Все началось, когда ему исполнилось шесть лет и бабушка взяла его с собой навестить Нана Тити – пожилую женщину из их деревни, подхватившую речную лихорадку. Пока взрослые грустно переговаривались внутри, Малик играл в саду возле ее хижины, и там ду́хи цветов, живущие в старухиных кустах, поведали ему: нового рассвета Нана Тити уже не увидит. Мальчик услужливо поспешил передать это сообщение родным хозяйки, но те только отмахнулись – мол, дитя расстроено, что с него возьмешь.

К утру Нана Тити умерла.

Вот тут-то и поднялся крик. Вся семья покойной громко ругала всю семью Малика, семья Малика дружно ругала его, перепуганные соседи ругались просто так, кто во что горазд, – поползли слухи, что ужасный ребенок колдовскими чарами загнал бедную старуху на тот свет. Сам он что есть мочи кричал и ругал в ответ старейшин деревни, пытавшихся «изгнать из него демонов»: они до крови хлестали Малика прутьями по ногам и заставляли пить отвары, которые желудок безжалостно отторгал. Ругань продолжилась, когда потом, до́ма, жизнь пошла вроде бы своим чередом, но выяснилось: галлюцинации – а он знал, что это галлюцинации, и только галлюцинации, что же еще, ведь все так говорят, – не покинули его, никуда не делись, и от них он чувствует себя все таким же несчастным и разбитым.

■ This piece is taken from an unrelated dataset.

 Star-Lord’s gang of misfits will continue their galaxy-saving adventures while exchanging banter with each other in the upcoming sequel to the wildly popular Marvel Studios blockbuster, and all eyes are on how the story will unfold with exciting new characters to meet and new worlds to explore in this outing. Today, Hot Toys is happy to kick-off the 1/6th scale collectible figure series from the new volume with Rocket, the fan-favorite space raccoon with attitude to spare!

Все они – и старейшины, и соседи, и даже его близкие – твердили одно: ду́хов не существует. И Малик дал им убедить себя, что он не в себе, что он болен, что он проклят. Они без устали повторяли – а он верил! – что надо заставить себя, надо лучше стараться, в общем, надо хоть в какой-то мере перестать быть собой, и тогда всем вокруг станет легче, все вздохнут спокойно…

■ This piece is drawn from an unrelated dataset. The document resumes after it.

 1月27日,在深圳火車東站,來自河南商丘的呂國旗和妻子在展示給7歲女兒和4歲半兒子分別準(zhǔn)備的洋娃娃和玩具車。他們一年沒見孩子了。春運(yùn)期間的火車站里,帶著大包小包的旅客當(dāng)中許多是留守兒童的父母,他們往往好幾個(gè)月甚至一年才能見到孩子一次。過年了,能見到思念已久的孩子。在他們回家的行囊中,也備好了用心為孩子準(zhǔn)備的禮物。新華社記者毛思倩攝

Он не сомневался в том, что они говорили. И вот выяснилось: они ошибались.

Мысль об этом полностью захватила Малика, вытеснив все остальные, и не пожелала рассеяться даже тогда, когда исчезли Идировы тени и рядом не осталось никого – ни ньени, ни Идира, ни представителей темного народца, ничего, кроме пустых глазниц масок, взиравших на него и сестру со стен. Юноша с трудом подавил приступ истерического смеха – естественно, когда же этому темному народцу и оставить его наконец в покое и одиночестве, как не после предъявления доказательств: все детство Малика было окутано ложью?

– Он забрал ее. Просто взял и… забрал, – произнесла Лейла так, словно от повтора этих слов их тяжеловесная ясность может улетучиться.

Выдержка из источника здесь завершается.